Warner Brothers Home Video has a bunch of lesser MGM musicals coming out on DVD this April.
Of these titles, I'm fondest of It's Always Fair Weather, the last of the Gene Kelly/Stanley Donen musicals, and a surprisingly dark and cynical followup to On the Town: three old military buddies re-unite after leaving the service, only to find that they dislike each other and that they hate their own lives. The cast is great -- Kelly, Dan Dailey, Michael Kidd, Cyd Charisse, Dolores Gray -- and it's one of the few early CinemaScope musicals to make effective use of that awkward screen shape. (The previous year, Donen had dealt with CinemaScope by filling it with Seven Brides and Seven Brothers; here he divides the frame into three and gives one section each to the three guys.) Basically it's a great musical in every way except the important one: the score, which was the first of many times that André Previn would demonstrate his total lack of ability as a songwriter. A terrific musician, but a real dud as a melodist. So the weak songs drag the film down, as does the lack of a good romantic number for Kelly and Charisse, but I still like it better than On the Town -- which also has score problems (namely the bland new songs written in place of Leonard Bernstein's).
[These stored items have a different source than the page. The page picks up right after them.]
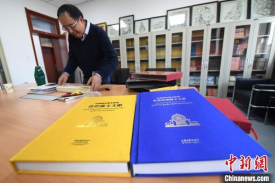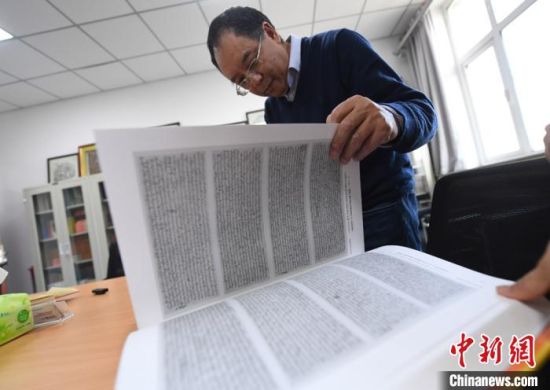 歷經(jīng)15年編纂,由法國(guó)國(guó)家圖書館與中國(guó)西北民族大學(xué)、上海古籍出版社合作編纂的《法國(guó)國(guó)家圖書館藏敦煌藏文文獻(xiàn)》,日前首次全部整理出版,才讓先后任副主編、主編?!钇G敏 攝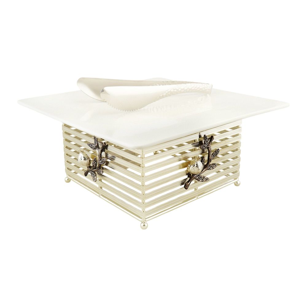 Alpen Berg Square Buffet Serving Dish with Lid & Tong, Orchid Silver, WB1212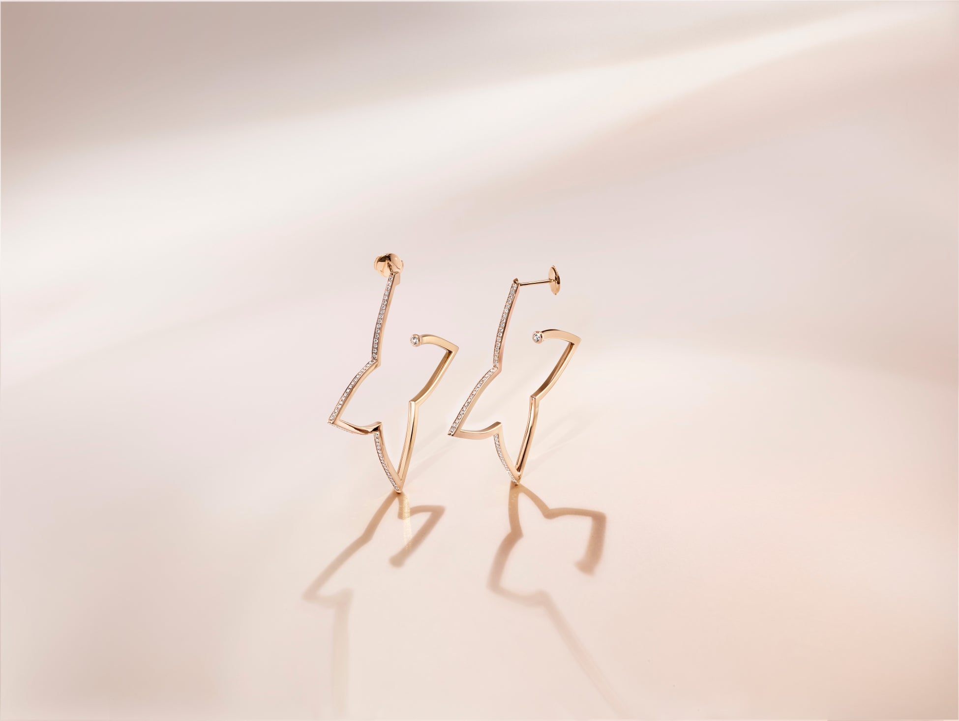 「ルイ・ヴィトン ブロッサム」のオリジナリティと大胆さは、特にイヤリングでその輝きを放ちます。オーバーサイズのフープは、圧倒的なボリューム感をもたらし、ダイヤモンドの繊細なラインで強調されたオープンフラワーのデザインが、ステートメントジュエリーとして纏う人の顔を縁取ります。控えめで小ぶりなミニフープは、耳たぶにシックに寄り添いながら、ダイヤモンドのスタッズが上品なタッチをプラス。フラワーのシルエットを象ったフォルムが、紛れもない個性を演出します。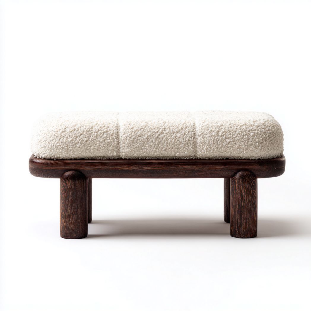Ce banc au design épuré et contemporain est recouvert d'un tissu bouclé doux pour un confort optimal. Sa base en bois massif, au fini foncé, lui confère une stabilité solide et une touche chaleureuse. Parfait pour l'entrée, le salon ou même la chambre, il s'intègre facilement dans des décors modernes et minimalistes.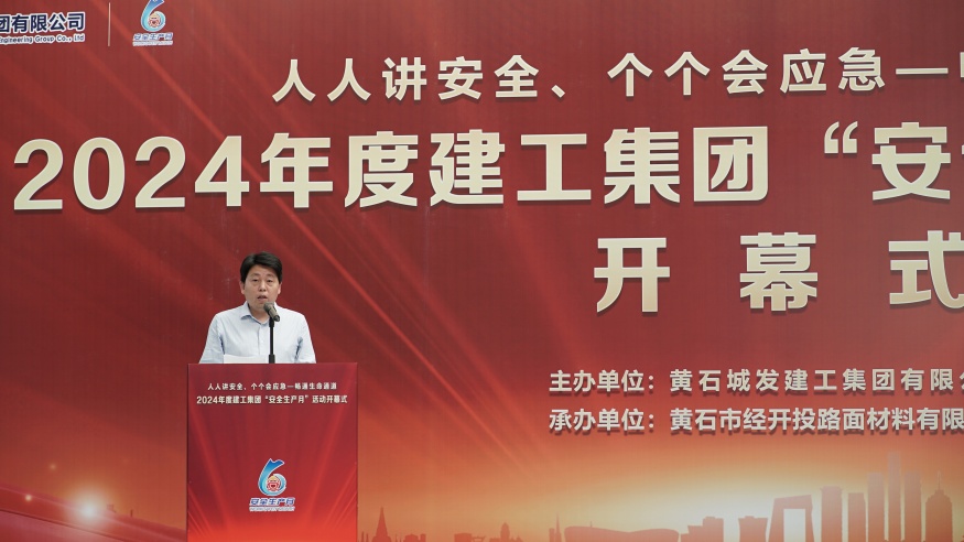 2024年6月是全國第23個(gè)“安全生產(chǎn)月”,活動(dòng)的主題是“人人講安全個(gè)個(gè)會(huì)應(yīng)急--暢通生命通道”。為深入貫徹落實(shí)習(xí)近平總書記關(guān)于安全生產(chǎn)的重要論述精神,牢固樹立安全發(fā)展理念,6月3日上午,城發(fā)建工集團(tuán)2024年“安全生產(chǎn)月”活動(dòng)啟動(dòng)儀式在黃石市經(jīng)開投路面材料公司辦公區(qū)正式啟動(dòng)。此次活動(dòng)由城發(fā)建工集團(tuán)主辦,黃石市經(jīng)開投路面材料公司承辦,街道平安建設(shè)辦應(yīng)急辦副主任張曉輝、李銳,應(yīng)急辦片區(qū)監(jiān)管負(fù)責(zé)人呂增、馮軻,城發(fā)集團(tuán)應(yīng)急保障部副部長姜疆,城發(fā)建工集團(tuán)黨總支書記、董事長呂紹成,城發(fā)建工集團(tuán)黨總支副書記總經(jīng)理馮志華出席活動(dòng)。城發(fā)建工集團(tuán)領(lǐng)導(dǎo)班子成員,各二級(jí)單位主要負(fù)責(zé)人及分管安全負(fù)責(zé)人,建工集團(tuán)各職能部室、各在建項(xiàng)目部項(xiàng)目經(jīng)理、各二級(jí)單位職工代表等70余人參加活動(dòng)。本次活動(dòng)由城發(fā)建工集團(tuán)黨總支委員、副總經(jīng)理洪登峰主持。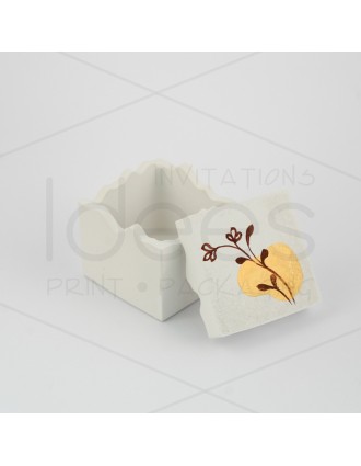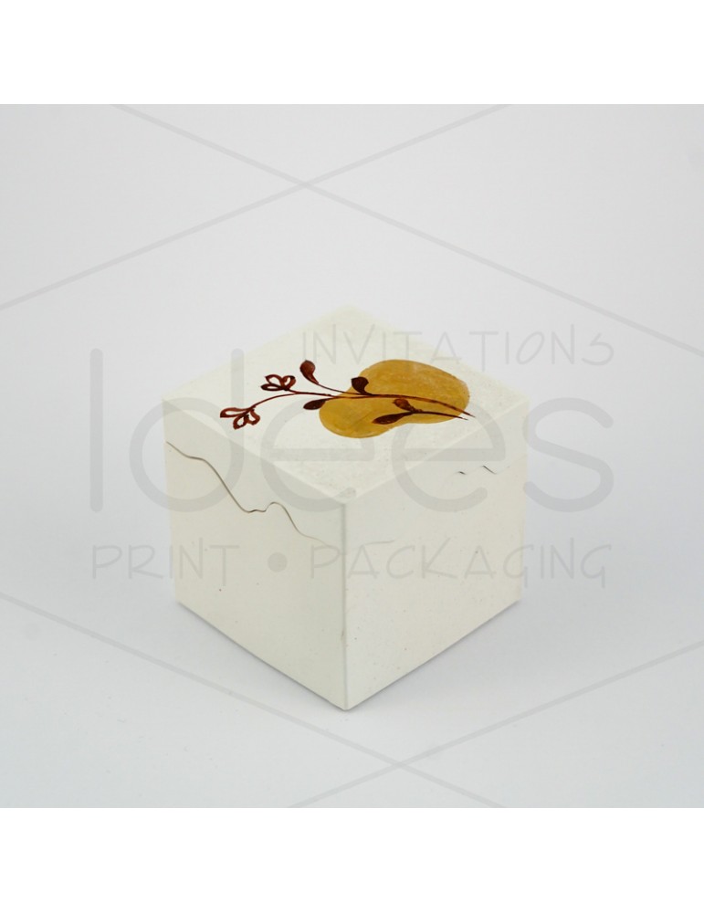 Τετράγωνη μπιζουτιέρα με δοντάκια για μπομπονιέρα γάμου, ζωγραφισμένη στο χέρι.
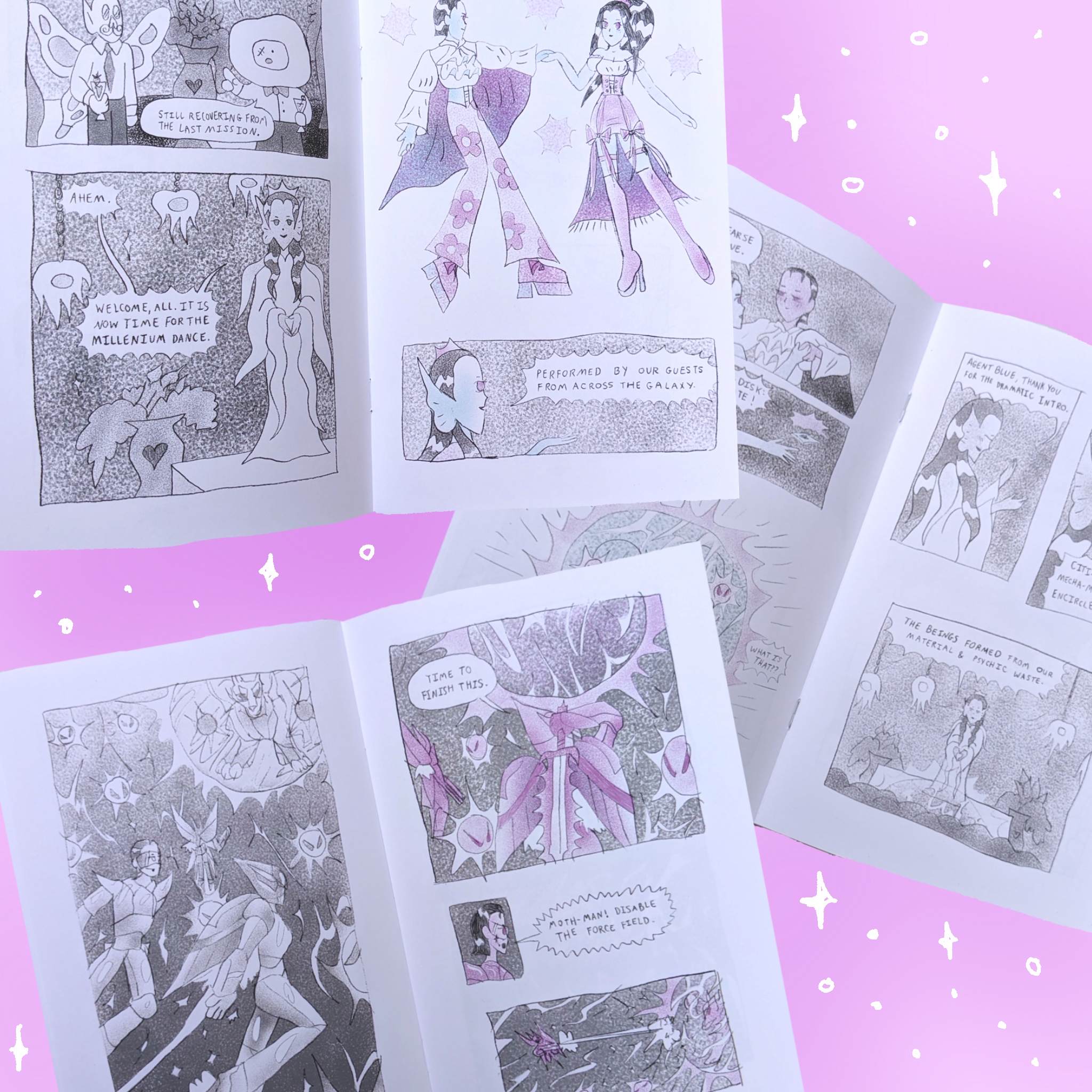 20 page long science fiction zine. "Our heroes have found themselves on an unexpected detour after a crash landing in a distant galaxy. Once every thousand years, diplomats gather from across the planet. Are they aware of the looming threat in their atmosphere?"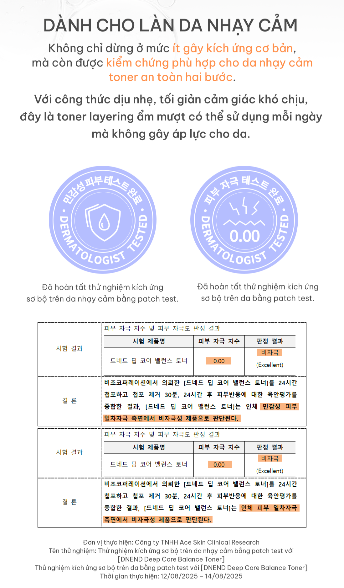 Toner Cân Bằng Lõi Sâu DNEND là giải pháp layering nhiều lớp (1·2·3 lớp) giúp cân bằng, phục hồi và dưỡng ẩm sâu cho làn da. Với công thức Time Craft Formula , kết hợp các công nghệ chiết xuất - lên men - ngâm ủ theo yếu tố thời gian đặc trưng Hàn Quốc , sản phẩm giúp da khỏe từ bên trong, ổn định và rạng rỡ .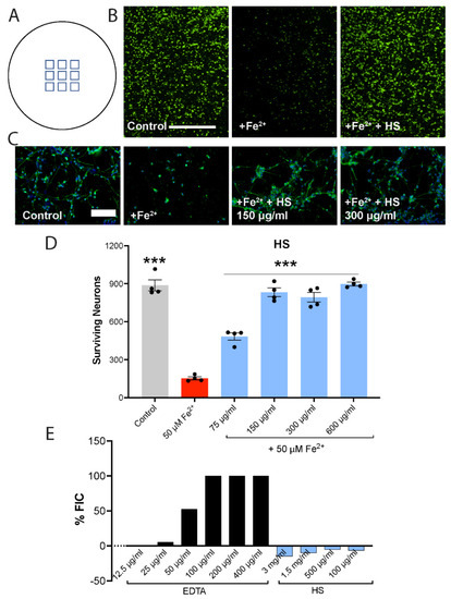 Figure 1A is a schematic of the nine fields of view that were automatically imaged per well to represent the total number of neurons remaining after 24 h in that well. Figure 1B captures a low-magnification image of control neurons, neurons exposed to iron for 24 h, and neurons treated with a representative HS and iron. This provides a visual example that the substantial loss of neurons caused by iron exposure is protected by HS.

Three Little Words is also worth a look; a biopic of two lesser-known songwriters, Bert Kalmar and Harry Ruby (best known for their superb songs and scripts for the Marx Brothers), it's more enjoyable than most biopics, since it's unpretentious and doesn't try to inflate the importance of its subjects. Jack Cummings, who produced this and Seven Brides For Seven Brothers, had lower budgets than MGM's other musicals producer, Arthur Freed, but compensated for it by producing films that were less overblown than some of Freed's, and often had better songs and more opportunities for the performers. Vera-Ellen in particular gets more to do than she usually did with Freed. And any movie with Arlene Dahl is, by definition, a good movie.